In order to be considered as
part of a Perfect Competition market, a business must reach four criteria,
including:
1.
Many small buyers
and sellers all of whom are price takers
2.
No preference
shown
3.
Easy entry and
exit by both buyers and sellers
4.
The same market
information available to all
In our case study, Starbucks
cannot be considered as part of a perfect competition market. Although hitting three of the four criteria,
Starbucks cannot be considered as a perfect competitor because their customers
have preference. In a marketing report
by SEO Analysis (https://sites.google.com/site/seoanalysisnow/case-study-caribou-coffee-vs-starbucks)
46% of Starbuck’s customers are between the age of 18-34, while the majority of
the consumer base is Caucasian and Asians.
Starbucks tends to attract the richer audience due to its high priced
coffees and expensive merchandise.
Compared to its competitors, Starbucks charges $2.30 for a large (venti)
cup of coffee, while Second Cup is priced at $2.05, followed by Tim Horton’s
$1.50. (http://www.canadianbusiness.com/blog/consumer_insight/18140--which-coffee-gives-the-biggest-bang-for-the-buck)
In 2007-2009, Starbucks
closed down over 600 stores in the US alone.
The reason for the realignment of its stores is mostly due to a few
reasons; non-profitable stores, badly managed stores, and stores being too
close to each other. As these stores are
being shut down, over 12,000 employees will lose their job. Although Starbucks mention that these
affected employees will be quickly rehired and retrained, it is almost
impossible to fulfill every position as at least 2400 of these positions will
be management, and there are limited positions available in each district.

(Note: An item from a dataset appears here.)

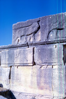 Jordan. Iraq al-Amir, three upper courses and lion frieze at northeast end of Qasr al-Abd

In an email from Starbucks
CEO Howard Schultz, Schultz stated that Starbucks had lost its heritage and
identity through the years with new technologies and store designs. For example, in an attempt to improve
quality, speed of service and consistency of their product, Starbucks
introduced automatic espresso press machines.

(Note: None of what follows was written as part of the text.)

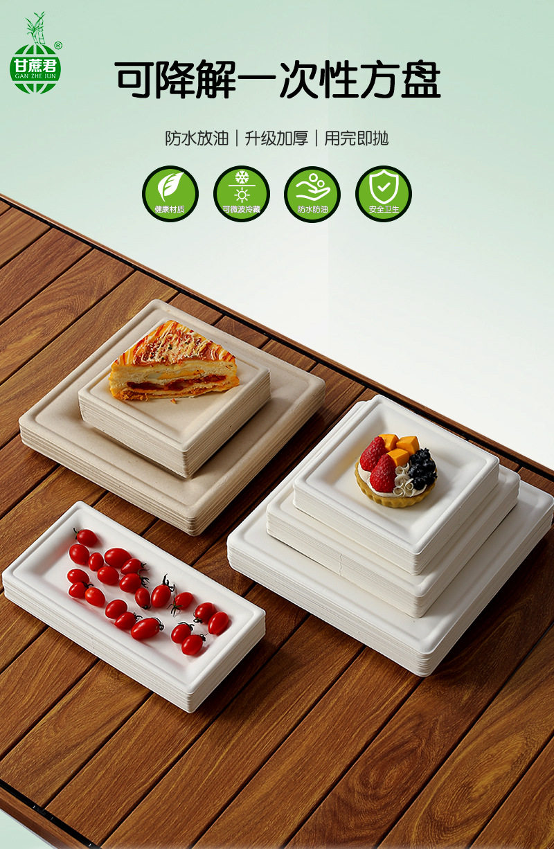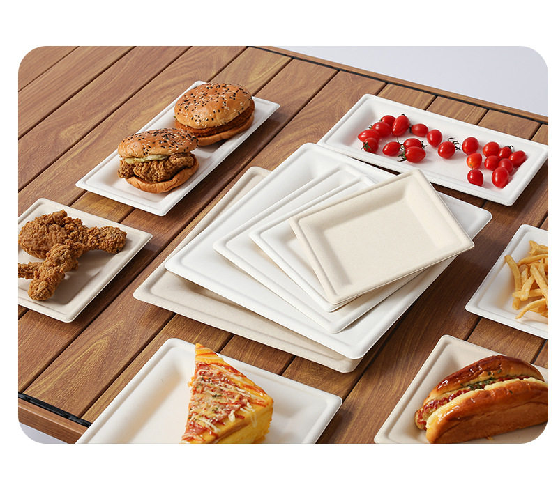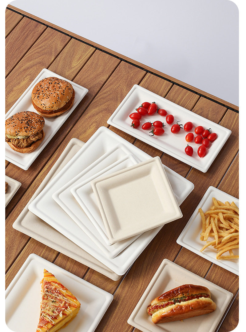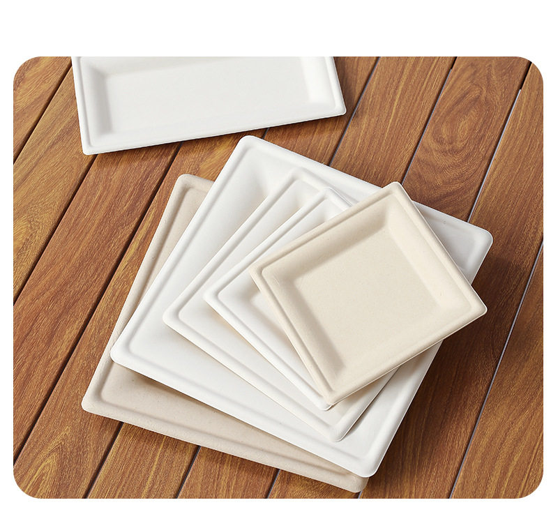 Plato de pulpa degradable Plato de papel cuadrado Picnic Plato de papel grueso Vajilla desechable Pintura Plato de barbacoa al aire libre hecho a mano

These machines are larger, build for industrial grade, better in many
aspects, but the communication between baristas and customers are gone, due to
the large build and height of these machines.
In Pike Place Seattle, where the Starbucks was first founded is the only
store remaining to still use the classic brewing style, hand grind beans and stove
top espresso presses. Closing 600 stores
is an attempt to save the “heritage” and “the Starbucks experience”.
Over the years, Starbucks
have been criticized for its expensive coffees.

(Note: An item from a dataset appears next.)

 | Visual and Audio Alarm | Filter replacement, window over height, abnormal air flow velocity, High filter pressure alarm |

For hand crafted speciality coffees like the famous “Caramel Macchiato”,
a venti (large) can cost as much as $5.88 while a pound of Espresso beans only
cost $14.99 on Starbucks Shelves. One of
the reason why Starbucks coffee are high in price is because you can customize
your drink and always have it prepared the way you wanted it. When you do a comparison, it is like having a
$3.50 burger at MacDonald’s verses going to an actual restaurant like Red
Robins to have a $13.00 burger, but unfortunately, people don’t compare it that
way, and only the real coffee drinkers will understand why their coffees are
worth the price they pay.
So, is it not possible to
tune down the price to attract more business and increase the sales
quantity? Of course, Starbucks can
decrease their price. In return, they
will have an increase in quantity demanded, and it would also increase their
quantity supplied. However, by doing so,
the quality of service will also decrease, customer service and quality of
beans supplied will decrease, and in an exact opposite direction as Howard
Schultz want it, and the “Starbucks experience” and “Heritage” will never be
the same again. Eventually, the market
will re-adjust itself, and a new equilibrium will be created. If Starbucks were to lower their prices to
match competitor’s level, then it will eventually become a “Perfect Competitor”,
reaching its last criteria, “No preference shown”.